* _STORED DATA_
%%

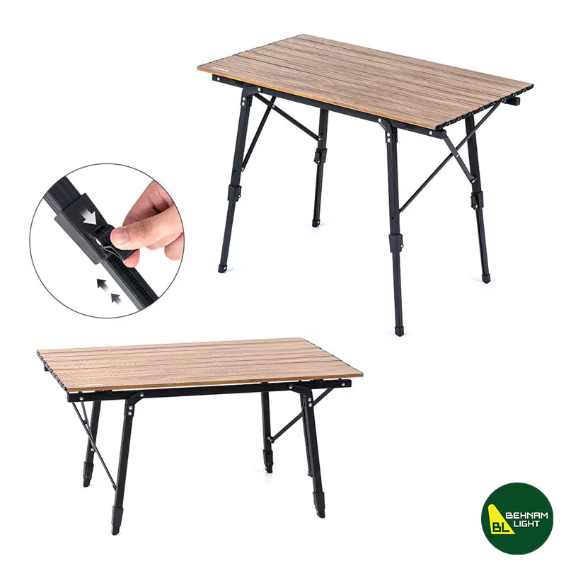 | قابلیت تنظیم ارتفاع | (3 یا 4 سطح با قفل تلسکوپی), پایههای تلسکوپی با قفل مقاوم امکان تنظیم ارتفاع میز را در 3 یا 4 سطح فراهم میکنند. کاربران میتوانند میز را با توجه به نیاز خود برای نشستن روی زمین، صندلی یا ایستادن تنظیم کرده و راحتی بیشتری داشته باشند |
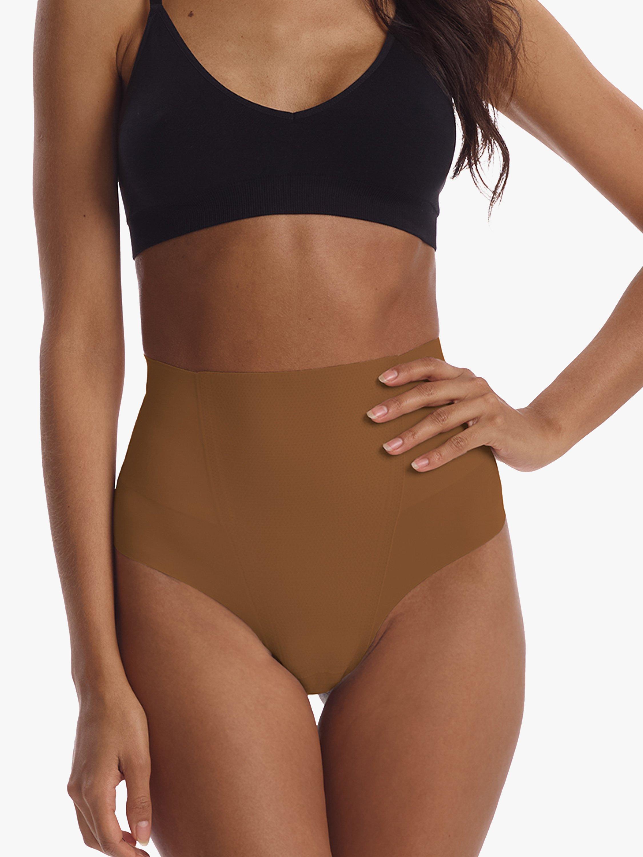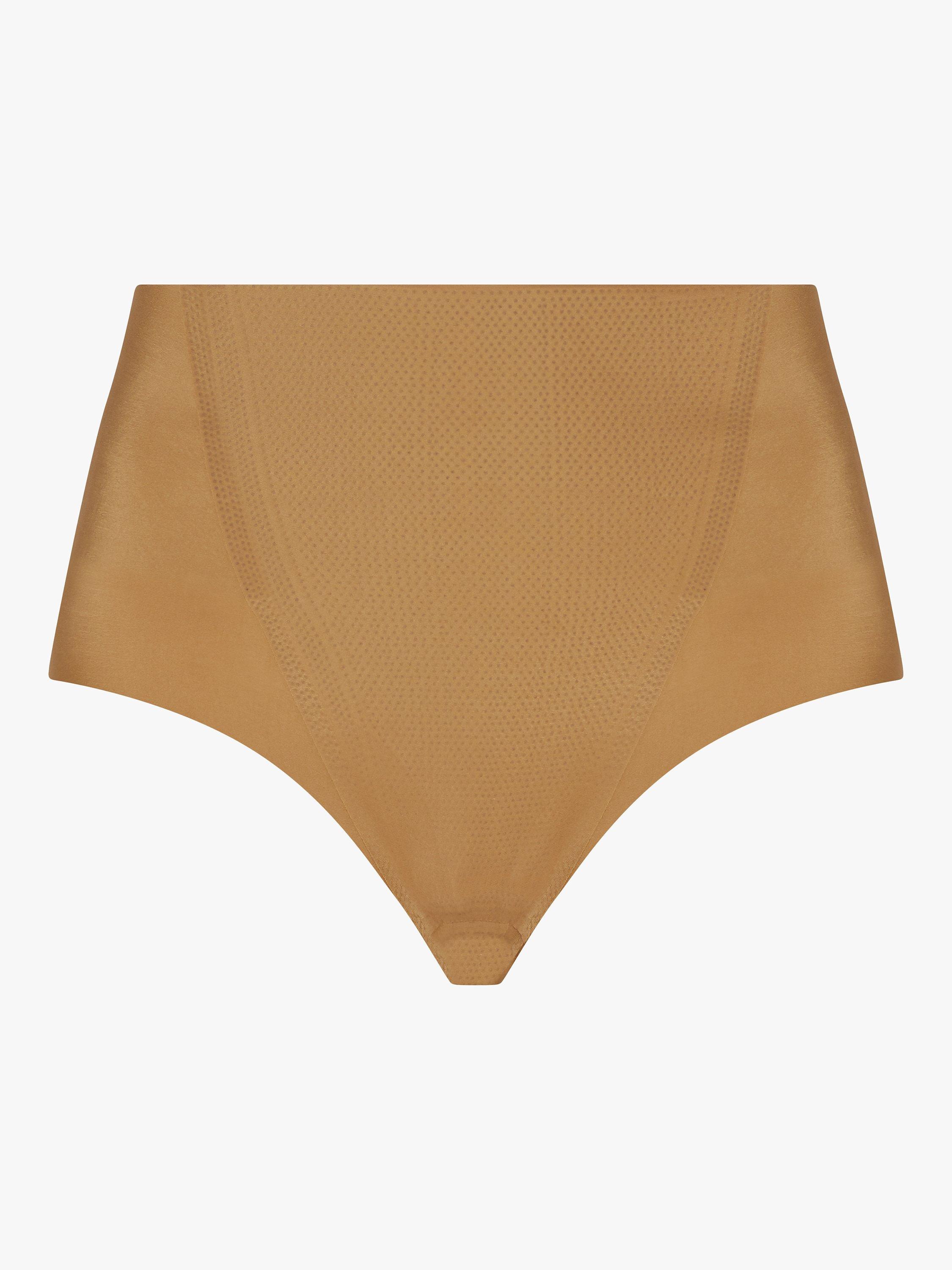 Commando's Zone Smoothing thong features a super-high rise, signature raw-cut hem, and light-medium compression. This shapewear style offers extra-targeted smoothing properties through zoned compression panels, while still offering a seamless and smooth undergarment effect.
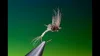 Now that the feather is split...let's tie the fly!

%%

* _YOUR OBJECTIVE_
Nothing but the lines from the line with "Commando's Zone Smoothing" through the end of the listing should appear in the answer, each duplicated exactly, without pictures.

* _EXERCISE SOLUTION_
 Commando's Zone Smoothing thong features a super-high rise, signature raw-cut hem, and light-medium compression. This shapewear style offers extra-targeted smoothing properties through zoned compression panels, while still offering a seamless and smooth undergarment effect.
 Now that the feather is split...let's tie the fly!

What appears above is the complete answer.